I’m always a champion for the Underdog. The footnote in the story rather than the main subject. I find them much more fascinating. No one asks about the unsaid, the footnote, the oddball, until they become the star of the story. I root for them the most because they quietly work their way up and boom! They’re deemed an overnight success. But they’re not. They’ve been there the whole time working their way up to become the star. Remember, even the star was once the Underdog. Maybe, I want to get to know them before they become the star. Being a star doesn’t mean being famous. It means finding fulfilment, being whole, overcoming. That’s the journey I want to travel with them. That is the throughline of all those portrayed in this book. They are all Underdogs looking for their place, to be understood, to be accepted as they are. I am an Underdog by writing this book.
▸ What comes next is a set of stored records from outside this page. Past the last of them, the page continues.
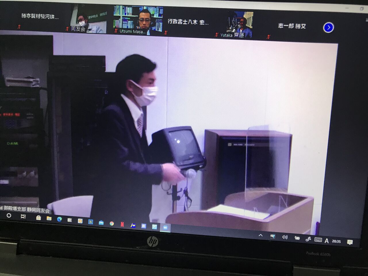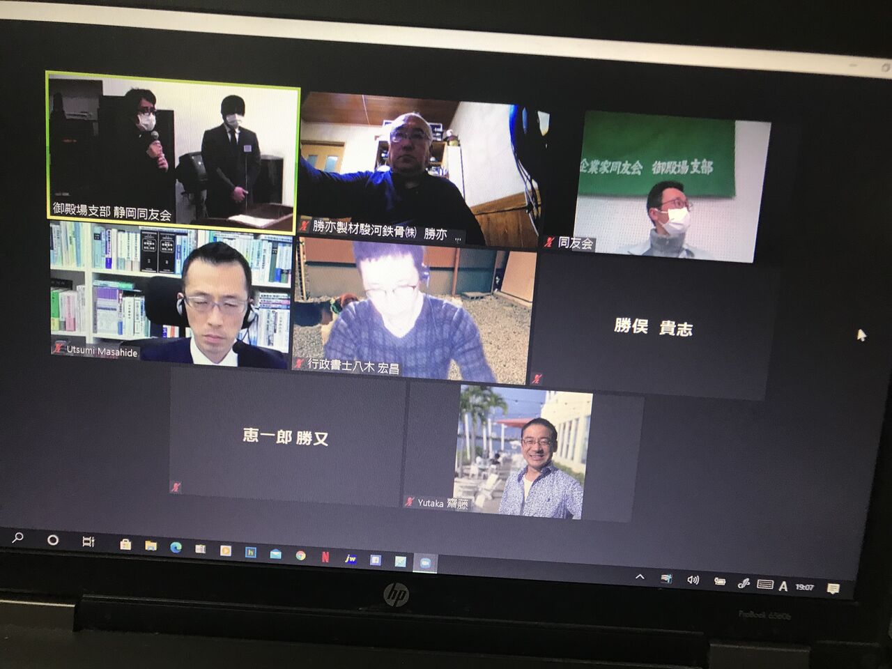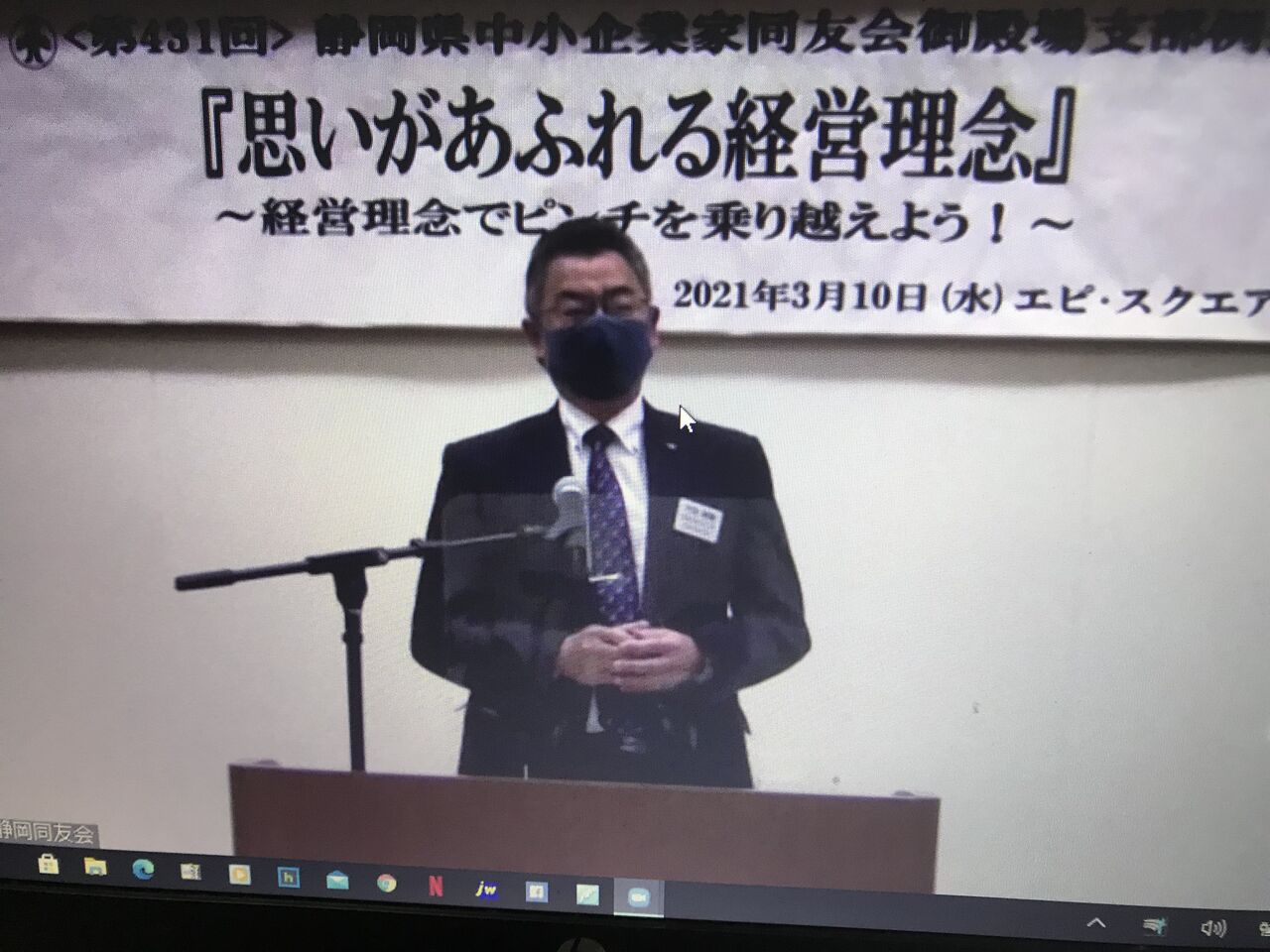同友会御殿場支部3月例会は通常通りエピスクエアでの開催ですが、私は今月もzoomでの参加でした。司会は塩川君。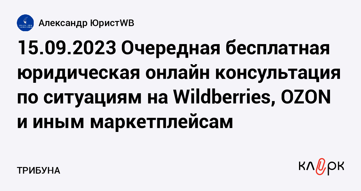 15.09.2023 Очередная бесплатная юридическая онлайн консультация по ситуациям на Wildberries, OZON и иным маркетплейсам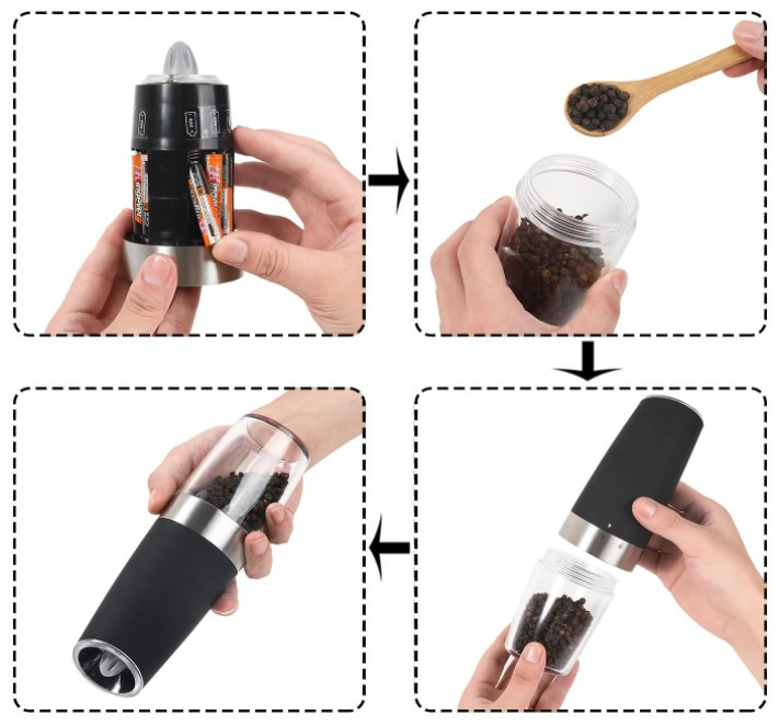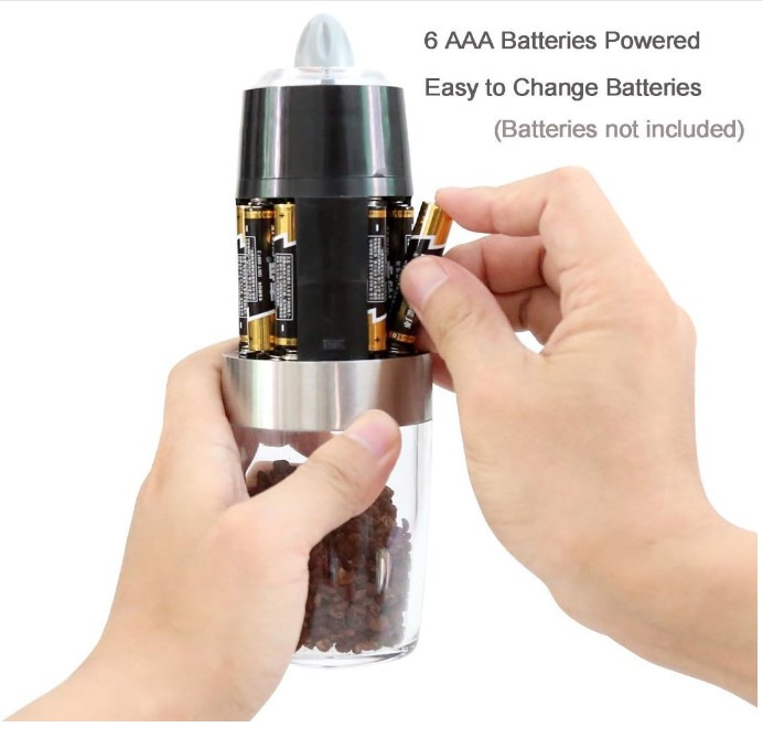 - Fácil de usar: el molinillo electrónico de pimienta utiliza un diseño avanzado de detección de gravedad, sin molienda manual, sin operación de botón, simplemente gira el molino, comienza a moler automáticamente. Es fácil de hacer con una mano y tienes especias frescas, sal o pimienta. Funciona con 6 pilas AAA (no incluidas).

As an experienced writer but a debut poet, what does the future look like for you, creatively speaking? Where is your curiosity leading you next?
I’ve been writing a lot in a variety of forms lately. I love form. It really does focus your writing and shapes the words into ways you never thought of. It also focuses the importance and real estate of each word in a poem. I don’t know that I have an idea yet for a collection, but I’ll know it when it starts forming. I’ve had more poems being published in lit magazines and working on my publishing coaching certificate. I have a podcast coming out in May called Underdog Bet that gives people a platform to talk about their journeys to where they are now. Editors, writers, poets, artists, entrepreneurs. I’ve had essays published and am writing prose. I’m still actively involved in Authortunities. I’ve been working on collaborative pieces which is very exciting. It sounds like a lot. But I love exploring and creating in different ways. I think it would be incredibly boring to not evolve, to not learn, to not grow. I am happy with what I’ve accomplished so far, but I have so much more to do. That’s the beauty of life and curiosity. Every day is a new possibility for a million things. Which things will it be today?
Underdog Bet is available Thursday 27th March.